California Court of Appeals, Second District, Second Division

May 2, 2017

THE PEOPLE, Plaintiff and Respondent,
v.
NICKOLAS ROA, Defendant and Appellant.

         APPEAL from a judgment of the Superior Court of Los Angeles County, No. ZM011271 James R. Dabney, Judge. Reversed.

          Rudy Kraft, under appointment by the Court of Appeal, for Defendant and Appellant.

          Kamala D. Harris, Attorney General, Gerald Engler, Chief Assistant Attorney General, Lance E. Winters, Assistant Attorney General, Margaret E. Maxwell and Douglas L. Wilson, Deputy Attorneys General, for Plaintiff and Respondent.

          CHAVEZ, J.

         Nickolas Roa (Roa) appeals from the judgment and order committing him indefinitely to the custody of the Department of State Hospitals after a jury found him to be a sexually violent predator (SVP) under the Sexually Violent Predators Act (SVPA) (Welf. & Inst. Code, § 6600 et seq.).[1] Roa contends the trial court committed prejudicial error and denied him his due process rights by allowing the expert witnesses to testify as to case-specific facts that constitute inadmissible hearsay under People v. Sanchez (2016) 63 Cal.4th 665 (Sanchez) and by admitting into evidence hearsay statements contained in documents that should have been redacted or excluded in their entirety.

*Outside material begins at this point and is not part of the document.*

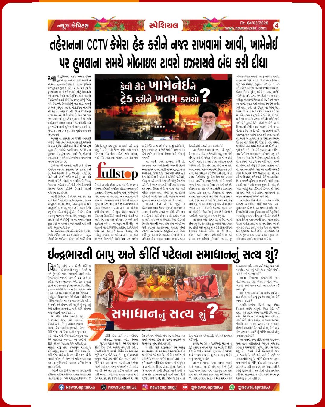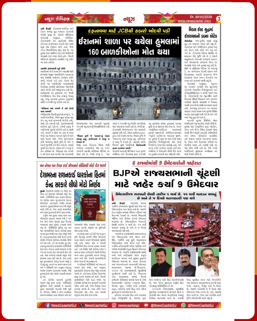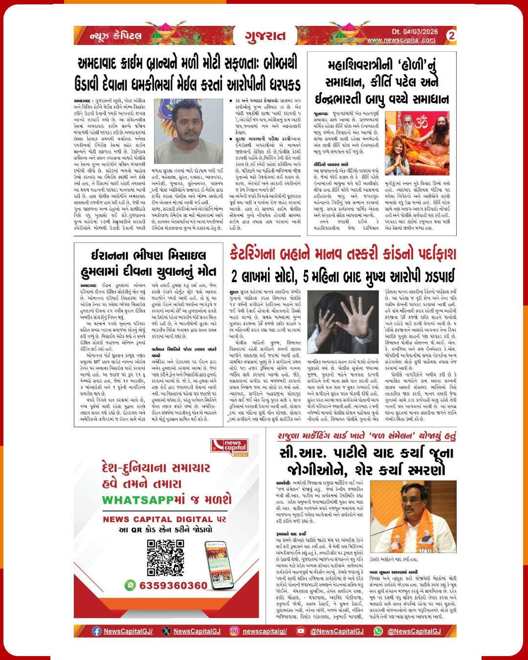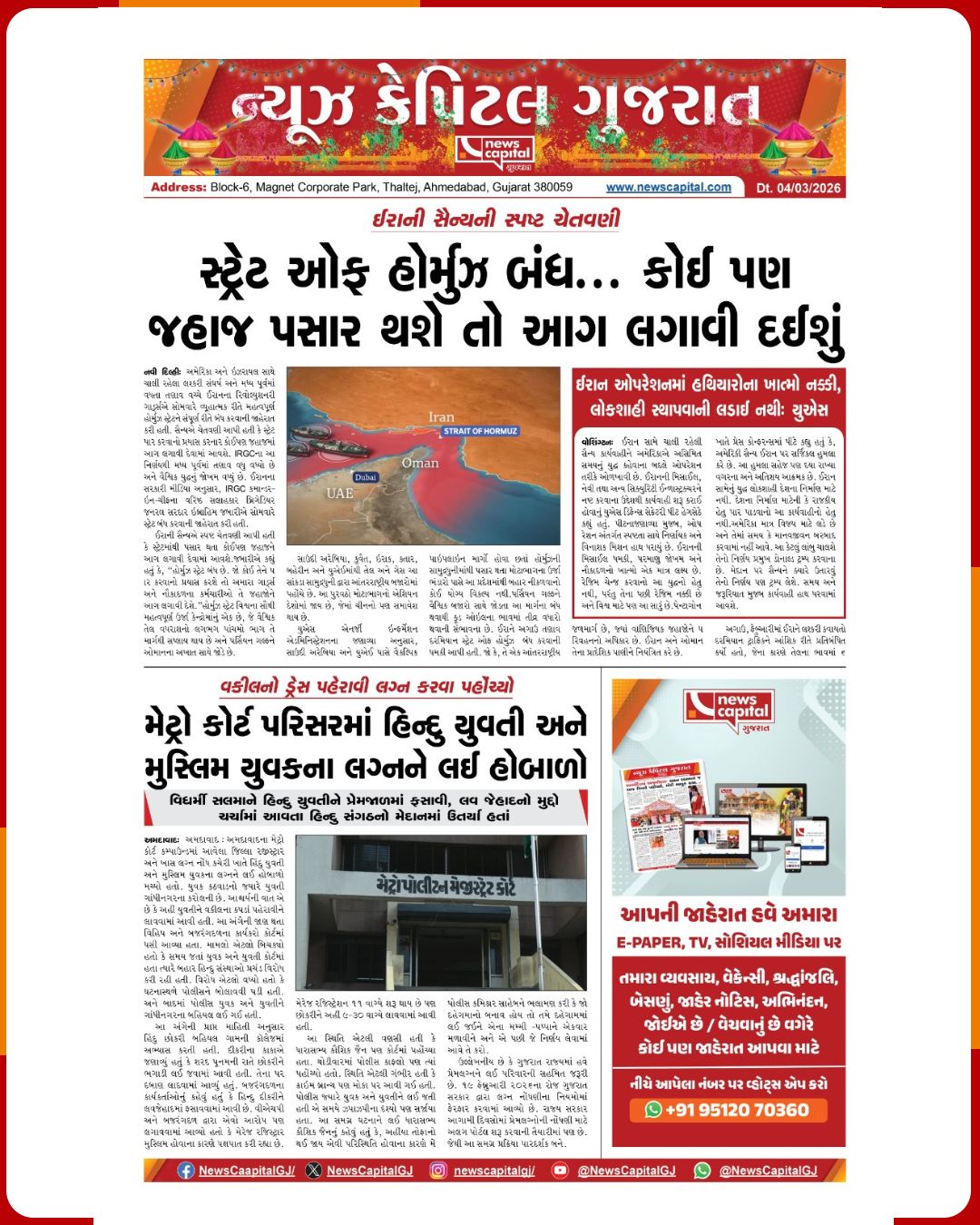 News Capital Digital @NewscapitalTeam · Mar 4 ઈરાની સૈન્યની સ્પષ્ટ ચેતવણી સ્ટ્રેટ ઓફ હોર્મુઝ બંધ... કોઈ પણ જહાજ પસાર થશે તો આગ લગાવી દઈશું અમદાવાદ ક્રાઈમ બ્રાન્ચને મળી મોટી સફળતા: બોમ્બથી ઉડાવી દેવાના ધમકીભર્યા મેઈલ કરતાં આરોપીની ધરપકડ #Iran #HormuzStrait #MilitaryWarning #BombThreat #Epaper 1 130

         We conclude that the trial court erred by allowing the experts to recite case-specific facts that were not independently proven by admissible evidence and that the error was prejudicial under the standard set forth in People v. Watson (1956) 46 Cal.2d 818. We therefore reverse the judgment.

         PROCEDURAL HISTORY

         On February 14, 2007, the Los Angeles County District Attorney (the People) filed a petition pursuant to the SVPA to commit Roa as an SVP.[2] The trial court reviewed the petition and ordered a probable cause hearing pursuant to section 6602. A probable cause hearing was conducted on June 25, 2009, at which Dr. Jack Vognsen and Dr. Jeffrey Davis testified. At the conclusion of the hearing, the trial court found that the petition stated sufficient facts that would constitute probable cause to believe that Roa was likely to engage in SVP criminal behavior upon release. The matter proceeded to a jury trial that commenced on May 26, 2015.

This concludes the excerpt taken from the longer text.